Additionally, we have updated the algorithm in response to constructive feedback from other reviewers. For detailed information, please refer to the revised version of the paper.
Question4: How source branch interacts with the target branch.
Answer4:
The interaction is related to the implementation of . We have provided a detailed review of how previous editing methods perform the source and target branches interaction in the related work. For more information, please refer to Section A in the revised version.
To illustrate this interaction, we utilize the Prompt-to-Prompt method as an example. Prompt-to-Prompt uses the cross-attention map in the source branch to enhance or replace the ones in the target branch. The selection of the cross-attention map is based on the correspondence between the cross-attention map and the text prompt. For instance, in transforming an image of a cat to a dog, the method involves using the source prompt 'a cat' and the target prompt 'a dog'. Here, the cross-attention map associated with 'dog' is exchanged with that of 'cat' in the source branch, thereby infusing the edit with relevant information. Concurrently, other attention maps in the source branch are maintained as is, ensuring the preservation of essential content.
This also explains why an accurate source branch latent would be important for essential content preservation during the editing.
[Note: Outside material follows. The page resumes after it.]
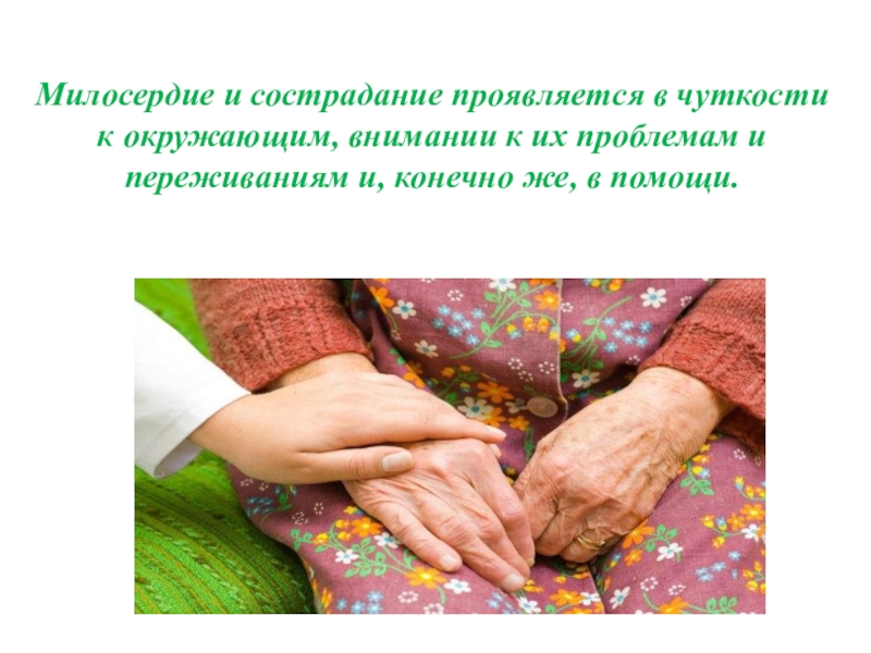 Слайд 10Милосердие и сострадание проявляется в чуткости к окружающим, внимании к их

This is because the feature (such as attention map) in the source branch will be further used in target branch editing.
Question5: The distribution of images for each editing type in the PIE-Bench.
Answer5:
We have clarified the number of images in each editing type in the revised Section B, listed as follows:
-
random editing written by volunteers (140 images)
-
change object (80 images)
-
add object (80 images)
-
delete object (80 images)
-
change object content (40 images)
-
change object pose (40 images)
-
change object color (40 images)
-
change object material (40 images)
-
change background (80 images)
-
change image style (80 images)
We distribute the editing into several classes: random (type 0, 140 images), object-related (type 1-3, 240 images), object attribute change (type 4-7, 160 images), and large region edit (type 8-9, 160 images). Thus, PIE-Bench covers a wider range of editing categories instead of only local editing.
Thanks to the authors for the clarification. I've increased my rating.
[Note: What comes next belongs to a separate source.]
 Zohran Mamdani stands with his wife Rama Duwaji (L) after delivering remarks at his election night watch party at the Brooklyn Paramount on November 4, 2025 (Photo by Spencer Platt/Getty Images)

I agree that the target prompts in the PIE bench may not effectively demonstrate the local editing quality when assessing CLIP similarity for certain types of edits. I believe the Editbenchmark dataset is a better fit for evaluating the local editing quality, as it primarily includes prompts concentrating on local editing.
I'm not asking for additional experiments during the rebuttal period, but I believe these results could be more convincing for the EDIT metric. Additionally, I think it's possible to identify a similar subset within the PIE bench with target prompts focused on local regions. Measuring EDIT metric using this subset might be better.
We express our sincere gratitude for the reviewer's prompt and insightful feedback.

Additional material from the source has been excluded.